Multiple Regression allows for the prediction of the future values of a response variable, based on values of multiple explanatory variables.

input <- data.frame(state.x77[,1:4])
kable(head(input))

	Population	Income	Illiteracy	Life.Exp
Alabama	3615	3624	2.1	69.05
Alaska	365	6315	1.5	69.31
Arizona	2212	4530	1.8	70.55
Arkansas	2110	3378	1.9	70.66
California	21198	5114	1.1	71.71
Colorado	2541	4884	0.7	72.06

colnames(input) <- c("Population", "Income", "Illiteracy", "Life_Exp")

# Create the relationship model.
model <- lm(Life_Exp~Population+Income+Illiteracy, data=input)

# Show the model.
print(model)

## 
## Call:
## lm(formula = Life_Exp ~ Population + Income + Illiteracy, data = input)
## 
## Coefficients:
## (Intercept)   Population       Income   Illiteracy  
##   7.120e+01   -1.024e-05    2.477e-04   -1.179e+00

# Multiple Regression Plot
par(mfrow=c(1,3))
termplot(model)

a <- coef(model)[1]
cat("The Multiple Regression Intercept = ", a, ".", sep="")

## The Multiple Regression Intercept = 71.2023.

XPopulation <- coef(model)[2]
XIncome <- coef(model)[3]
XIlliteracy <- coef(model)[4]

modelCoef <- data.frame(XPopulation, XIncome, XIlliteracy)
colnames(modelCoef) <- c("Population", "Income", "Illiteracy")
row.names(modelCoef) <- c("Coefficients")
kable(modelCoef)

	Population	Income	Illiteracy
Coefficients	-1.02e-05	0.0002477	-1.178788

Multiple Regression Conclusion:

popl <- 3100
Incm <- 5348
Illt <- 1.1

Y = a + popl * XPopulation + Incm * XIncome + Illt * XIlliteracy
cat("For a City where Population = ", popl, ", Income = ", Incm,  ", and Illiteracy = ", Illt, ",
the predicted Life Expectancy is: ", round(Y, 2), ".", sep="")

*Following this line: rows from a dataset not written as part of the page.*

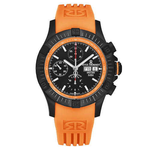Revue Thommen Men's 'Air speed' Black Dial Orange Rubber Strap Automatic Watch 16071.6639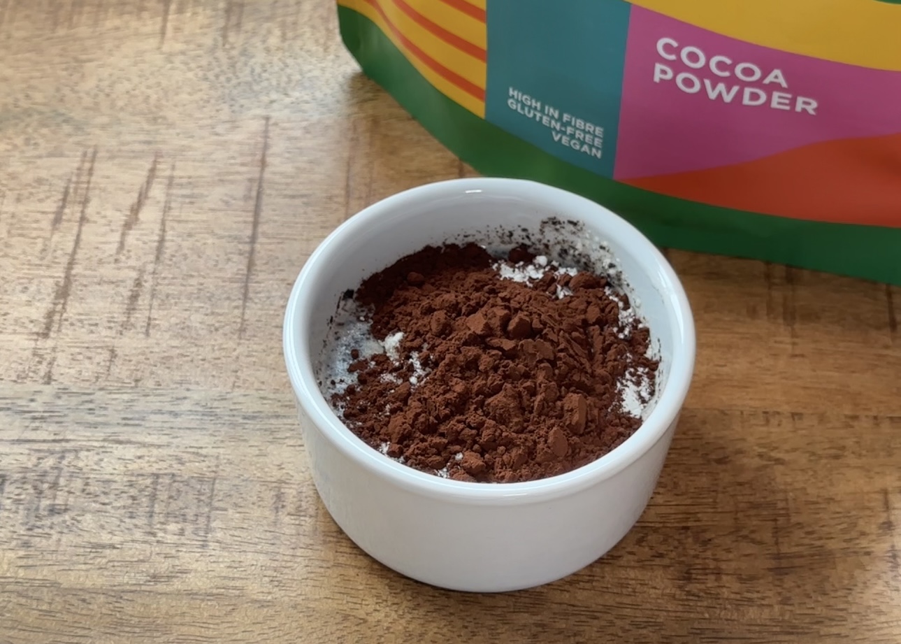 Meng in een klein kom de bloem, suiker, bakpoeder en cacaopoeder goed door elkaar.Meng Het Beslag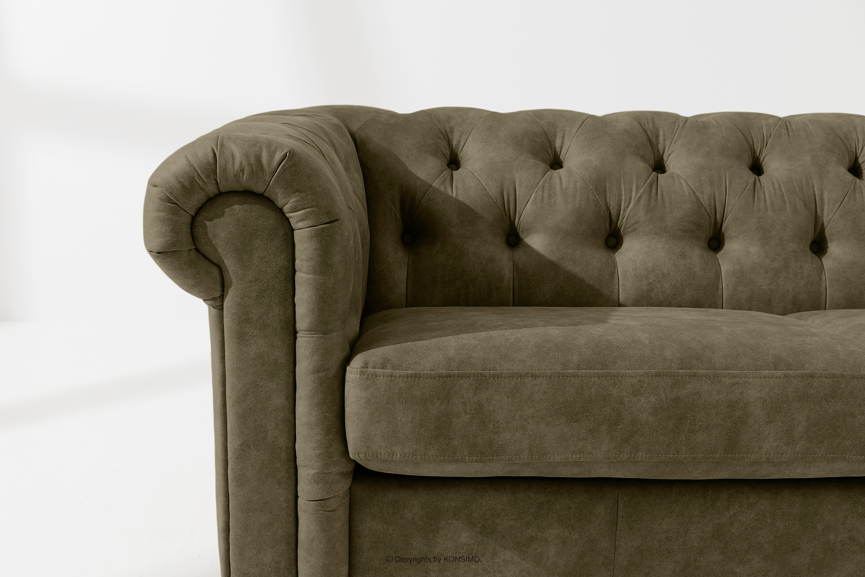Klassisches Dreisitzer-Sofa im Chesterfield-Stil aus Kunstleder olivgrün

## For a City where Population = 3100, Income = 5348, and Illiteracy = 1.1,
## the predicted Life Expectancy is: 71.2.

In conclusion to ContextBase Predictive Analytics Example 3, the multiple variables of “Population”, “Income”, and “Illiteracy” were used to determine the predicted “Life Expectancy” of an area corresponding to a USA State. For an area with a Population of 3100, a per capita Income Rate of 5348, and an Illiteracy Rate of 1.1, a Life Expectancy of 71.2 years was predicted.